Identification of regions of interest

The localizer scans were run as previously described (Kourtzi and Kanwisher 2001). Functional localization of the regions of interest (ROIs) was based on independent runs (minimum = 1; maximum = 3) of four 20-s blocks of grayscale faces, scenes, common objects, and scrambled objects (four blocks per category per run). The critical ROI identified in the independent localizer scan was the LOC (defined as the region that responded more strongly to images of intact objects than to images of scrambled objects; Malach et al. 1995). The foveal confluence (Dougherty et al. 2003) was defined as a small region at the posterior end of the calcarine sulcus, functionally constrained to the regions that responded more strongly to any images of (intact or scrambled) than to fixation (Fig. 2).
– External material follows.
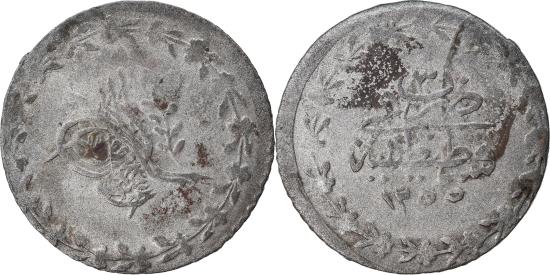 Toughra within wreath, Text, value and date within wreath, Weight varies: 1.35-1.60 grams.

Specifically, we overlaid each subject's functional contrast map (intact objects > scrambled objects) on top of his/her inflated brain and then selected voxels located 1) around the posterior tip of the calcarine sulcus and 2) within the functional contrast map. Since our stimuli extended about 3.5° from the fovea and most of the features in the image were located in the center, we decided to be conservative and restricted the size of the foveal confluence so that it was smaller than the minimum size of foveal confluence reported in Dougherty et al. (2003). An additional annulus region surrounding the foveal confluence was identified as a control ROI. Since the annulus ROI was chosen to be a control region, the size of this ROI was selected to be larger than the foveal confluence (to gain power for the correlation analysis). Average sizes of the foveal confluence ROI in experiments 1 and 2 were 161 ± 19 (mean ± SE; range: 103–257) and 153 ± 15 (range: 103–228) voxels. Pictures for individual ROIs are provided in Supplemental Fig. S1.1

Fig. 2.

Fig. 2.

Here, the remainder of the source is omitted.